*DATASET SECTION:*
····················

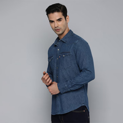 "Blue solid opaque Casual shirt ,has a spread collar, snap button placket, 2 patch pocket, long regular sleeves, curved hem Fit: Slim Fit Size worn by the model: M Chest: 38"" Height: 6'1"" Material & Care 100% Cotton, Machine-wash"
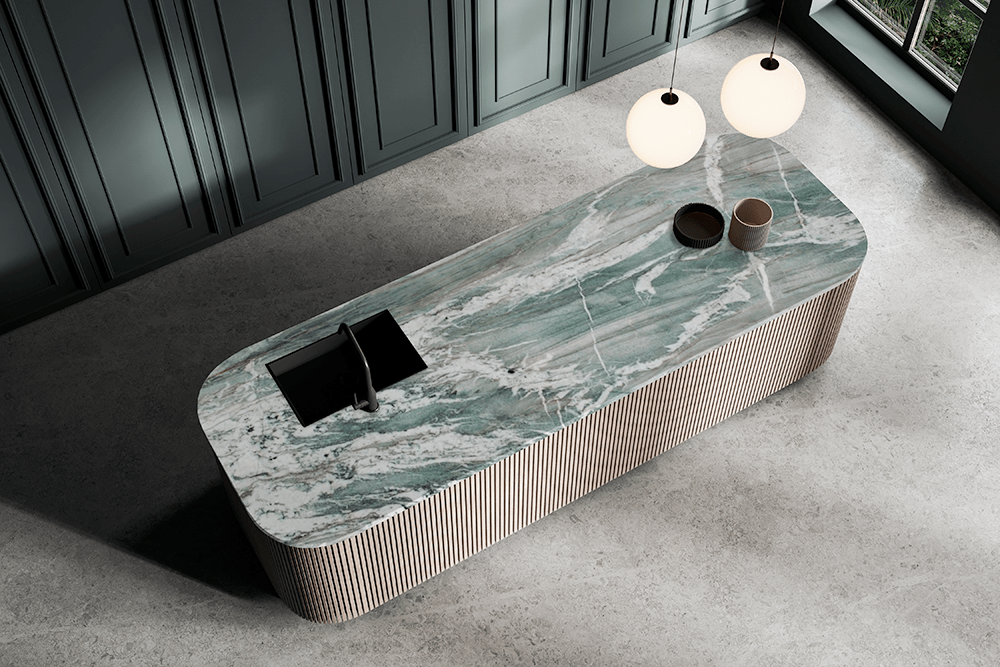 As bancadas e ilhas de quartzito oferecem a mistura perfeita de beleza natural, durabilidade, resistência ao calor e resistência a manchas para atender a essas demandas.
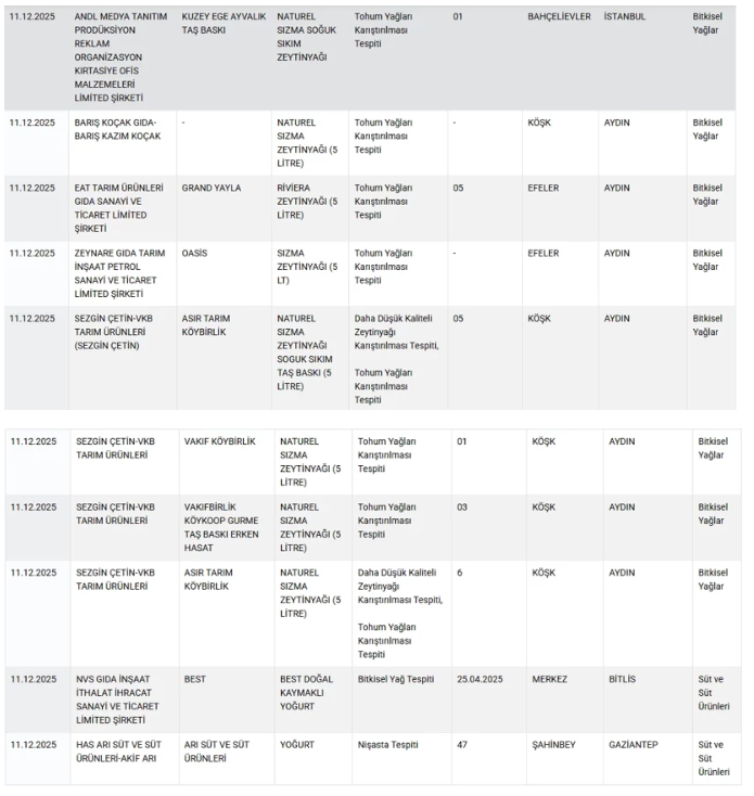 Zeytinyağı ve diğer yağ ürünleri, yoğurt, bal gibi temel gıdalarda hileye rastlandı. Bakanlık, bazı yoğurt ürünlerinde nişasta katıldığı, zeytinyağlarına daha düşük kaliteli tohum yağlarının karıştırıldığını duyurdu.

····················

*WORK ORDER:* Do not include the pictures. Quote only the lines from the line with "As bancadas e" through the end of the material, both ends included, exactly.

*SOLVED EXERCISE:*
 As bancadas e ilhas de quartzito oferecem a mistura perfeita de beleza natural, durabilidade, resistência ao calor e resistência a manchas para atender a essas demandas.
 Zeytinyağı ve diğer yağ ürünleri, yoğurt, bal gibi temel gıdalarda hileye rastlandı. Bakanlık, bazı yoğurt ürünlerinde nişasta katıldığı, zeytinyağlarına daha düşük kaliteli tohum yağlarının karıştırıldığını duyurdu.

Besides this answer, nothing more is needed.